Saturday, September 15, 2007

Why We Must Stretch Before & After Exercise!

Athletes under the age of 30 can easily perform without much preparation. If they have 30 minutes to run, they run for 30 minutes. Muscles seem to tolerate the stresses of workouts, races, and games; therefore, the need to do more seems to be worthlessly unimportant.

The truth is that preparation, even as a youngster, is not only necessary, but critical. The duration and level of achievement is ultimately directly related to the amount of warm up and preparation done on a continual basis throughout the formative years. Muscles, like overall health, improve over time. To educate and condition young muscles properly, with a consistent and thorough warm-up, makes radical differences in adulthood.
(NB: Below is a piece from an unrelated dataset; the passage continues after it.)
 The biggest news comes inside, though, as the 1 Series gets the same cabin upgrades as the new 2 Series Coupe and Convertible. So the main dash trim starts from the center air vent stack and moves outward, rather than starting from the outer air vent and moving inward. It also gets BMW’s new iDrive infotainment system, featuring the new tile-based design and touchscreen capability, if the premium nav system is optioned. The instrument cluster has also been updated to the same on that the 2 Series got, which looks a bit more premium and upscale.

Unfortunately, our entire educational system is based on doing something only after a crisis has arisen. We're backpedaling when we need to be strategizing. The offensive approach has to occur on the individual level. Here's my point; You Must Stretch

For maximum everything, from performance to injury prevention to injury recovery, you need to stretch. If you don't, you're limiting your capacity. Without starting with a stretch, you may end up paying sports doctors looking for the magic cure or taking time off for injuries that only exist because you're unwilling to do what it takes, as in stretching.
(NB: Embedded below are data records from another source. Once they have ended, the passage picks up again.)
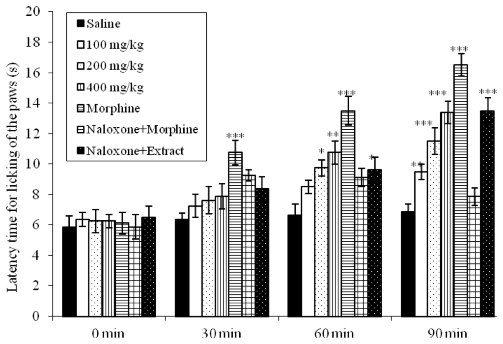 2.4. Effects on Hot-Plate Latency Assay in Mice
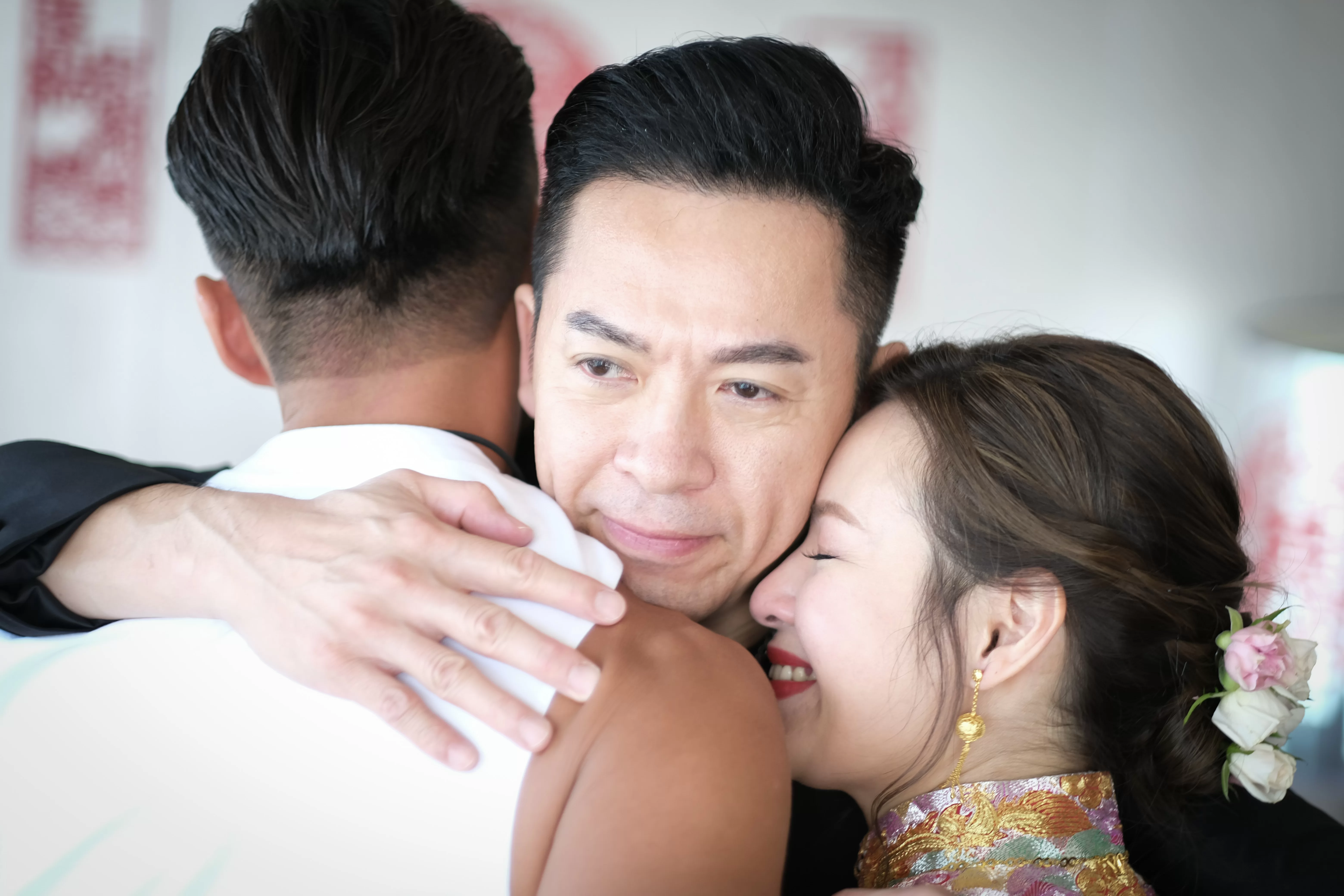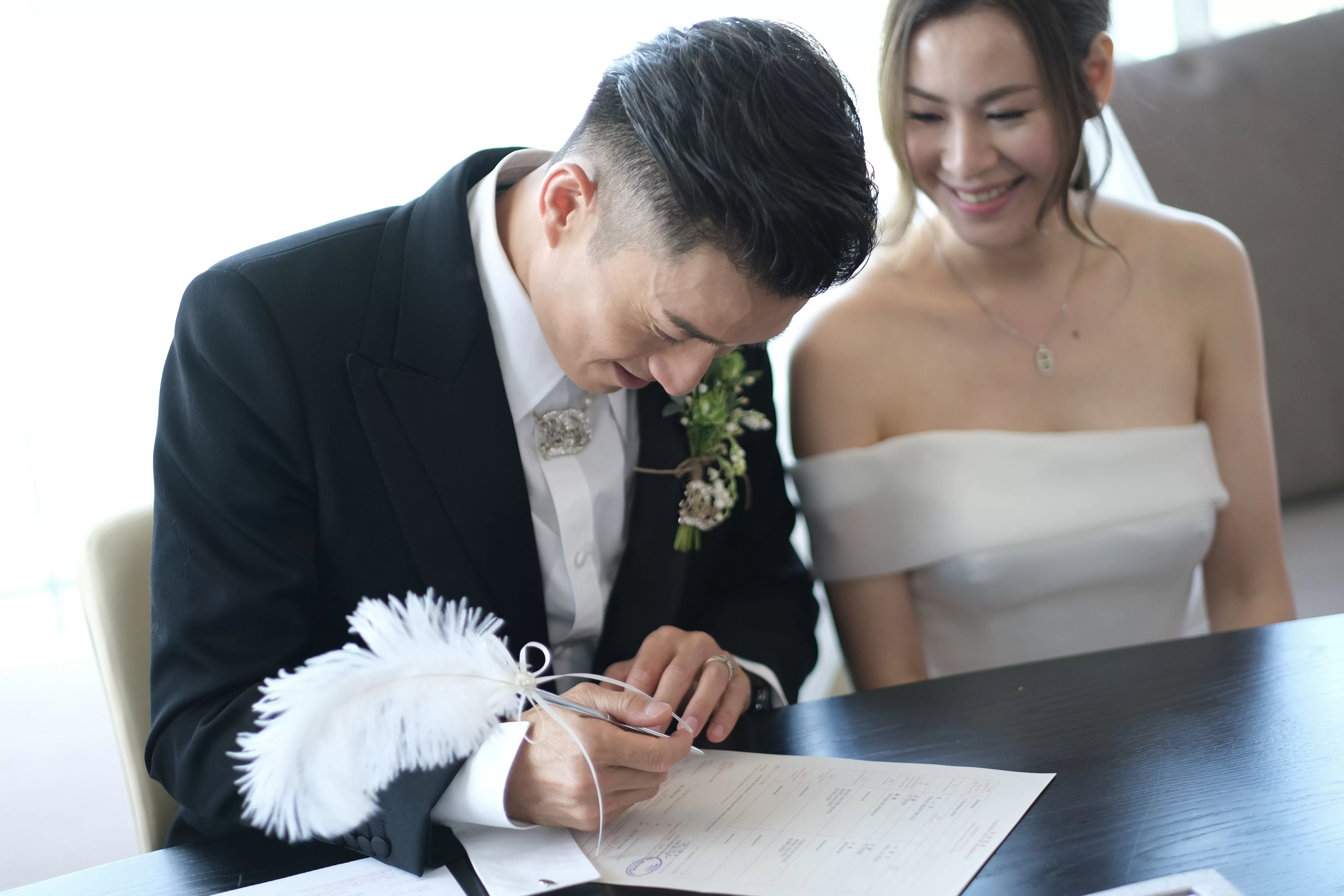 一對新人在雙方家長見證下完成註冊儀式,新郎哥在宣讀誓詞時,更感動得眼濕濕。最後,二人交換婚戒,開心地高舉香檳杯深情接吻。
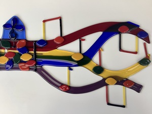 Notenbalk overgaand in golvend ritme met een muzieksleutel in het bovenraam van de grote kerkdeur. Muurobject

These 4 components are necessary for peak muscular response:

Stretching
There is nothing magical about stretching. All you have to do is hit that switch in your brain that will allow you to be consistent and disciplined.

Strengthening
Strengthening naturally occurs as hill and speed work are done, but for total and improved conditioning, a weight-training program adds to any running program. Also, muscles that are not primary muscles in the running gait, such as side-to-side muscles, don't gain the strength that front-to-back muscles have in running. Needless to say, those muscles that are primary can gain even greater strength through a weight-training program. Finally, the stronger the upper body muscles are, the more glycogen storage and ultimate energy your body produces for runs and workouts.


Eating "Clean"
By this I mean, what we put into our bodies effects how our bodies react to certain physical situations, like exercising. If you are eating plenty of fruits and vegetables, you are not only keeping your muscles hydrated properly but the phyto-nutrients continue to protect the muscle tissue as they are literally ripped when we exercise. As our bodies natuarlly repair itself more fibers grow to strengthen the areas that were just "torn" - hence, giving you a stronger more toned body. I also recommend lots of fish that are high in Omega fatty acids, as the fatty acids help keep your muscles and joints more flexible.

Supplementing
The body-building sports nutrition industry has become a multi-billion dollar enterprise. Do runners not have specific nutritional needs? If you run, you lose minerals with exercise, with improper nutritional intake, and with alcohol and caffeine consumption. Minerals make a major difference in keeping a muscle healthy and strong.

Conclusion
Pay now or pay later. I blew out my back a year ago after squatting weight without stretching. It was a hard lesson since I am still experiencing occasional soreness as a result. After learning the important of proper preparation, including stretches and good nutrition, I feel stronger, faster, and better.


1 comment:

Anonymous said...

He's right. I've had people tell me they don't stretch but I can tell my body wants to be stretched before exercising. Stretching is key for new muscle growth and staying tone.

For Omega's I take Flaxseed oil which is more convient when fish isn't a part of your diet.